In this article they also quote David Robinson, executive director of Canadian Association of University Teachers(CAUT) as saying, “Among those students who say they will still be able to afford their tuition fees and living costs, a large number — about 75 per cent — are worried that distance learning will create a poor learning experience,"
Our principal Patrick Deane is quoted as saying “We will be open, but how “normal” life at Queen’s will be will depend on the best advice available from public health authorities to ensure that students enjoy stable, safe and stimulating conditions for their studies. It is certainly our hope that students will be on campus, but we are also preparing for the possibility of remote delivery should physical distancing still be required and significant concentrations of people be prohibited.”
Here is our current COVID-19 epidemiology (see below). Kingston is in a bubble with a low incidence of COVID-19 (28.7 cases/100,000 population), positioning us ideally to carefully reopen the city and university (in my personal opinion). In contrast, Toronto has a rate almost 10 times higher (262.5 cases/100,000 population). This is a reminder that realities and response to the pandemic can and should vary by location.
Certainly some universities outside Canada, like Notre Dame University, are choosing to fully open in the fall. The Indiana State Department of Health reports 1,678 deaths (not cases) as of mid May 2020. Some of these schools are in locations with much higher disease prevalence than Queen’s. The leaders of these schools are not ignorant of the risks nor are their heads in the sand. They recognize the risk but choose to accept and mitigate it. The Notre Dame principal equivalent, Rev John Jenkins, compared reopening the campus to, “assembling a small city of people from many parts of the nation and the world, who may bring with them pathogens to which they have been exposed.” Here is a list of other schools that plan on opening this fall- it includes respected institutions, like Harvard University.

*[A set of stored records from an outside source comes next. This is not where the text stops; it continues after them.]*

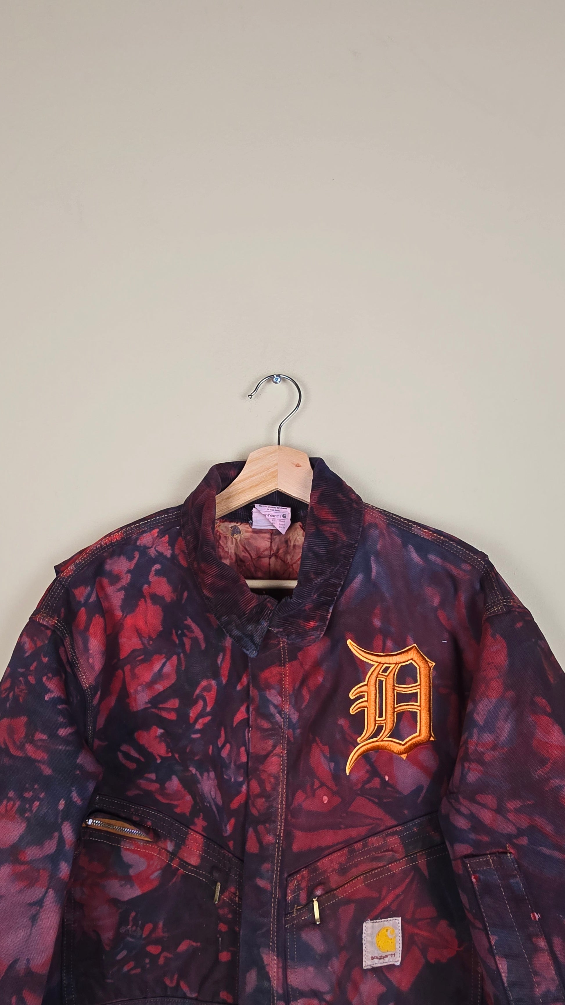 Featuring early 90s crop style Carhartt Jacket in camo green with red undertones.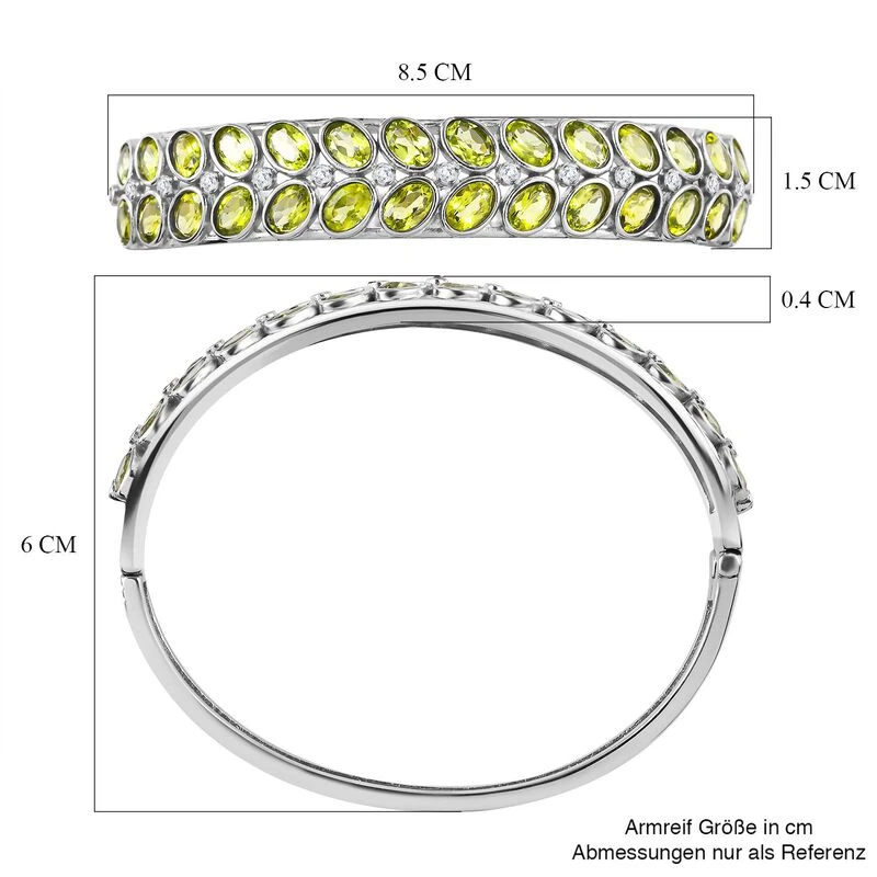 Natürliches Peridot, Weißer Zirkon Armreif, Ca. 19 Cm, Edelstahl Ca. 13.67 Ct
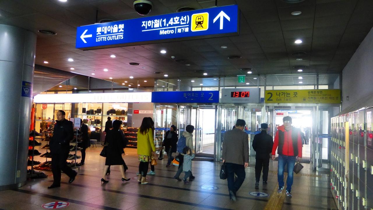 ソウル駅のコンコース内を突き抜けて行く感じです。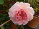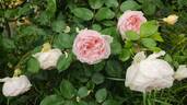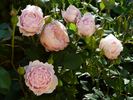 Shrub.  English Rose Collection.  Light pink.  Moderate, tea rose fragrance.  Medium, very full (41+ petals), in small clusters, cupped-to-flat, old-fashioned, quartered, rosette, ruffled bloom form.  Blooms in flushes throughout the season.  USDA zone 5b through 10b.  Height of up to 41" (up to 105 cm).  Width of up to 35" (up to 90 cm). David C. H. Austin (1926-2018) (1994).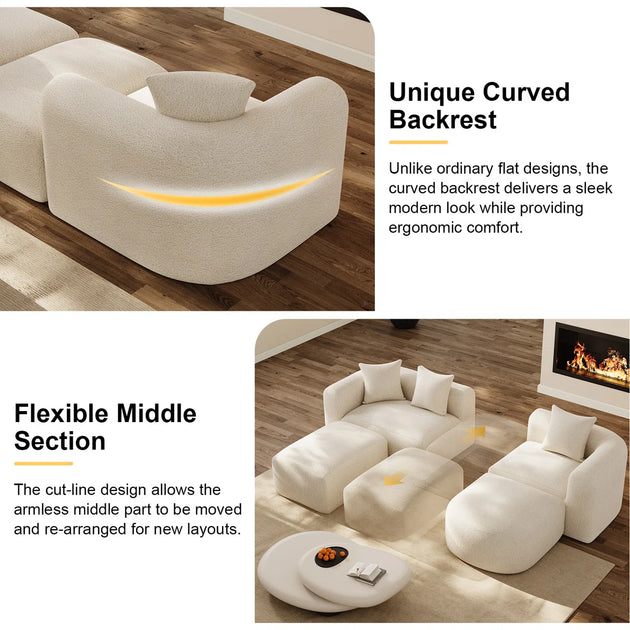 119.69"W Modern Curved Modular Sectional Sofa – No Assembly Needed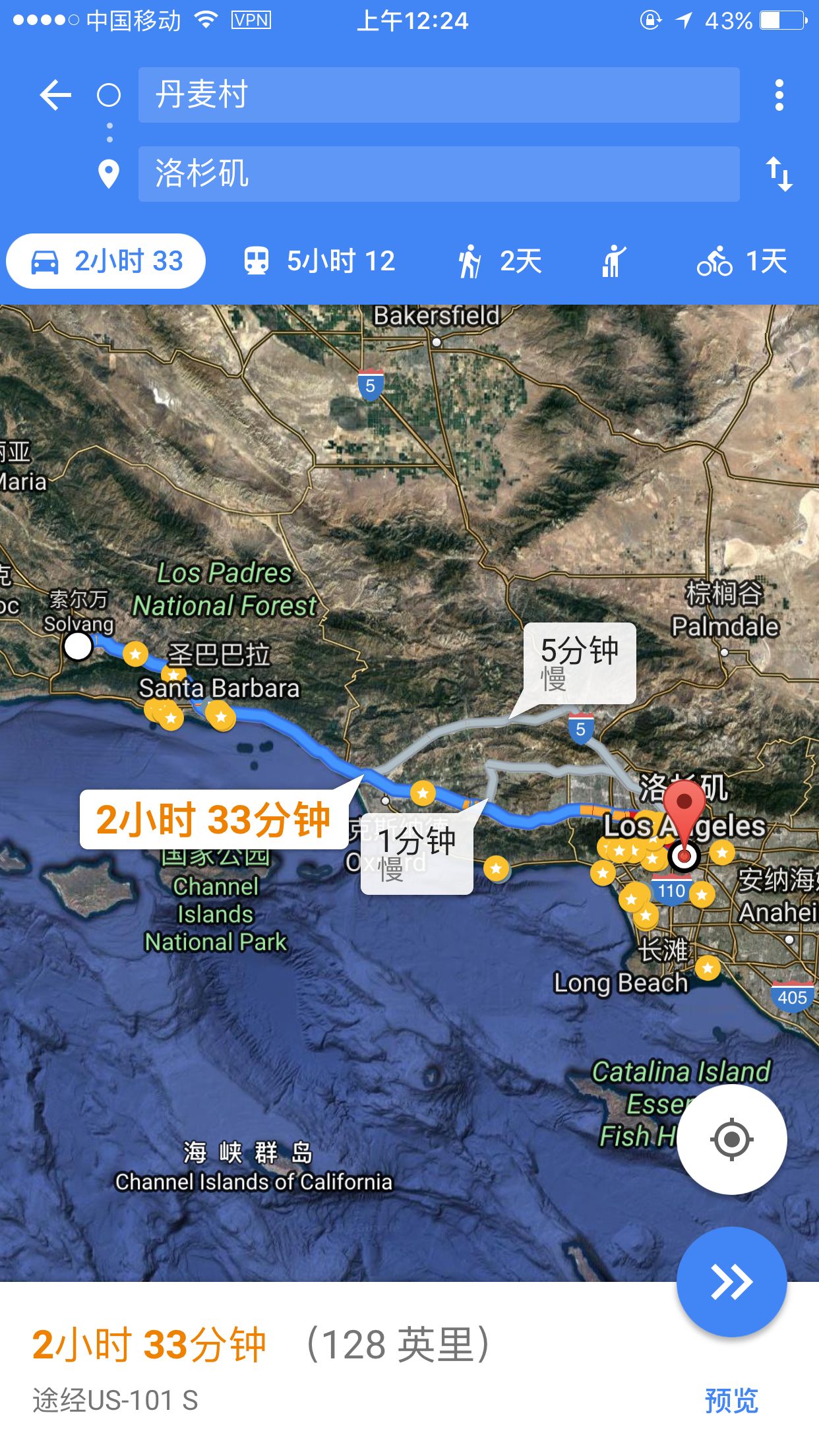 @Mico_W:你好,从圣巴巴拉中午出发的话,正常车速4小时能开到LA downtown吗?下午会不会大堵车?因为晚上看球,有点担心,第一次开,这段高速是否全程免费?是否有carpool道路,有没有要特别注意的地方?谢谢!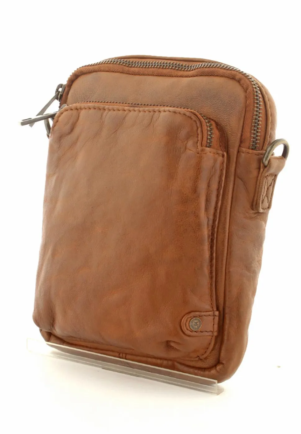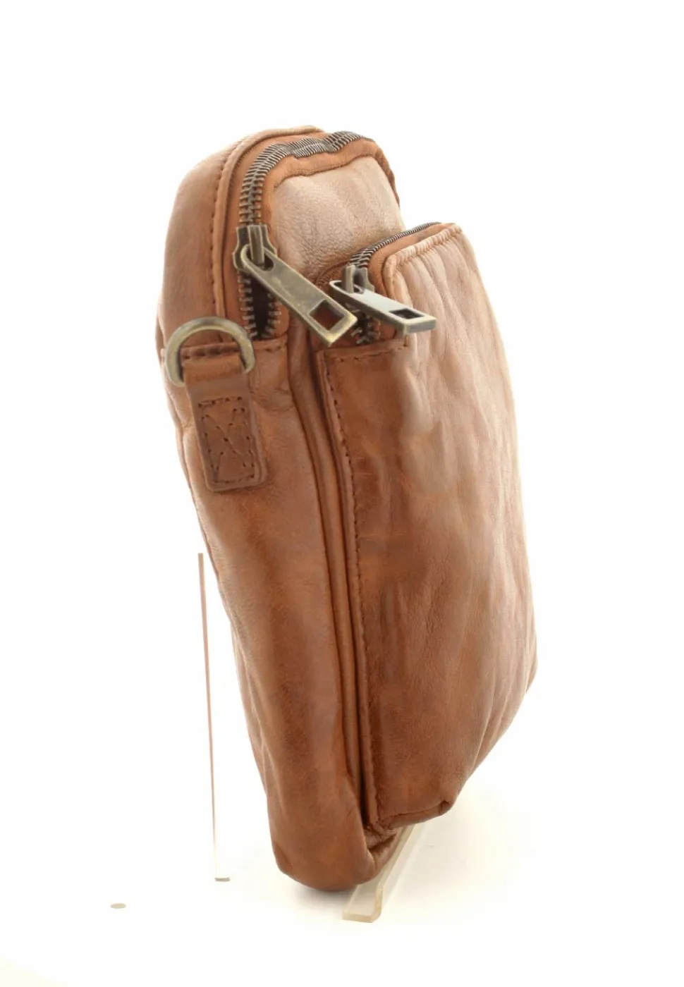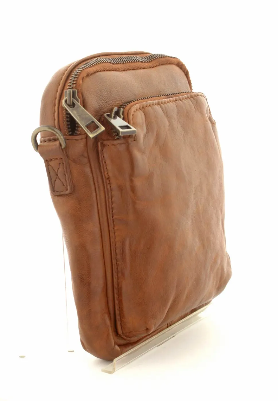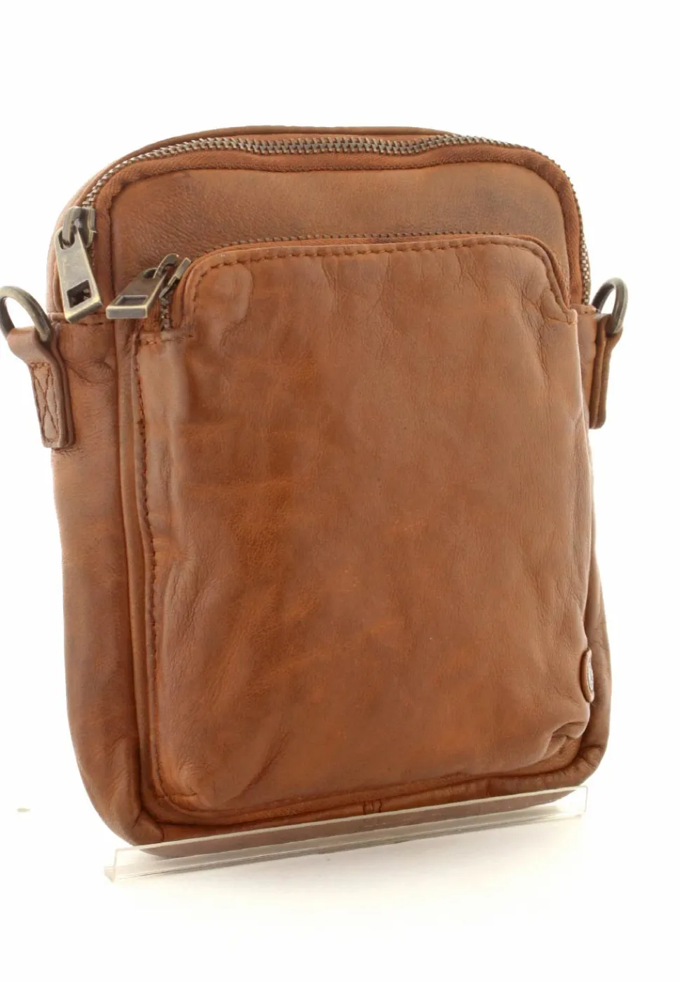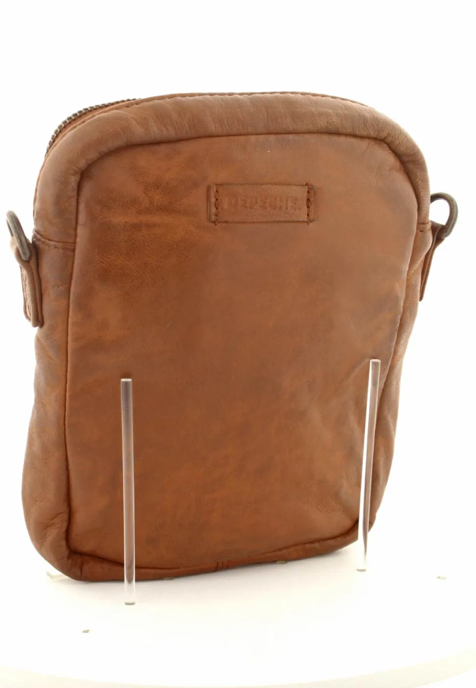 Super flot mobiltaske i cognac farvet skind fra Depeche. Tasken har en god størrelse og to gode lynlåsrum. I det store rum er der også to små rum. Der er en lang regulerbar skulderrem, så den kan bruges som crossover.

The decision to reopen for in-person classes should of course reflect local epidemiology. However, if the local prevalence is low, then with attention to nonpharmacological interventions (students in shifts, single occupancy rooms, smaller class room size and testing with quarantine of the sick) a return to something nearer normal is possible. Canadian society will need to accept that there will soon come a day when we collectively and individually need to balance risks and benefits of increased association. It is unlikely that there will be a COVID-19 vaccine in 1 year. It is also unlikely the disease will disappear, despite wishful thinking by some. Thus, society will need to balance the need for education of our young people and the restoration of commerce with a reduced, but non-zero, risk of localized COVID-19 outbreaks on campus. I hope that Canadian universities can build on the study that Dr. Vanner and colleagues are championing and get Canada’s university students back on campus in the fall.